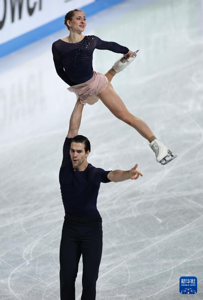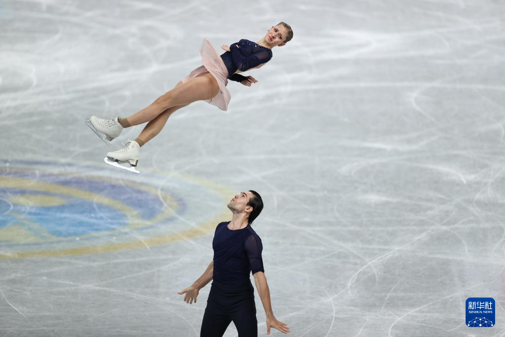 12月5日,德国组合哈泽(上)/沃洛丁在双人滑自由滑比赛中。最终,他们以221.25分的成绩获得双人滑铜牌。
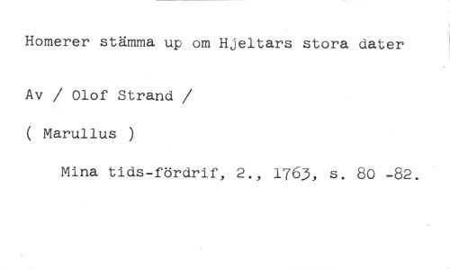 Homerer stämma up om Hjeltars stora dater //// Av / Olof Strand / ( Marullus ) //// Mina tids-fördrif, 2., 1 763, s. 80 -82.
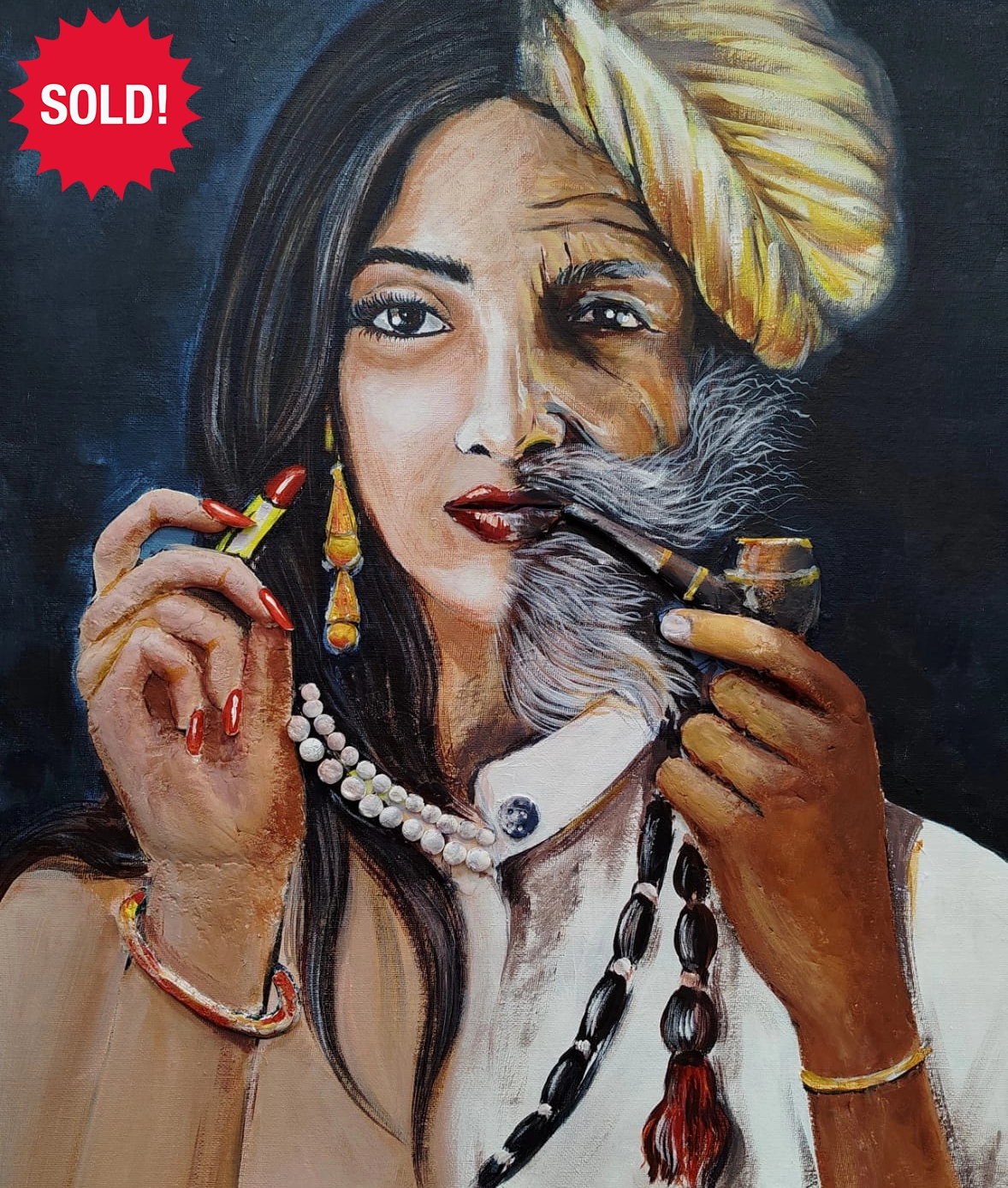 This portrait captures the striking duality of identity through a single face divided into contrasting cultural expressions. One side reflects modern elegance—bold lipstick, polished nails, and pearl jewellery—while the other embodies traditional strength, marked by a turban, rugged textures, and a pipe releasing curling smoke. The merging of both halves creates a powerful visual narrative about heritage, individuality, and the coexistence of tradition and contemporary life. The intense gaze draws the viewer in, reminding us that identity is not singular—it is layered, lived, and proudly carried.

□ □ □

Retype the data above exactly; pictures are not part of the copy.

# [ANSWER TO THIS PROBLEM]
 12月5日,德国组合哈泽(上)/沃洛丁在双人滑自由滑比赛中。最终,他们以221.25分的成绩获得双人滑铜牌。
 Homerer stämma up om Hjeltars stora dater //// Av / Olof Strand / ( Marullus ) //// Mina tids-fördrif, 2., 1 763, s. 80 -82.
 This portrait captures the striking duality of identity through a single face divided into contrasting cultural expressions. One side reflects modern elegance—bold lipstick, polished nails, and pearl jewellery—while the other embodies traditional strength, marked by a turban, rugged textures, and a pipe releasing curling smoke. The merging of both halves creates a powerful visual narrative about heritage, individuality, and the coexistence of tradition and contemporary life. The intense gaze draws the viewer in, reminding us that identity is not singular—it is layered, lived, and proudly carried.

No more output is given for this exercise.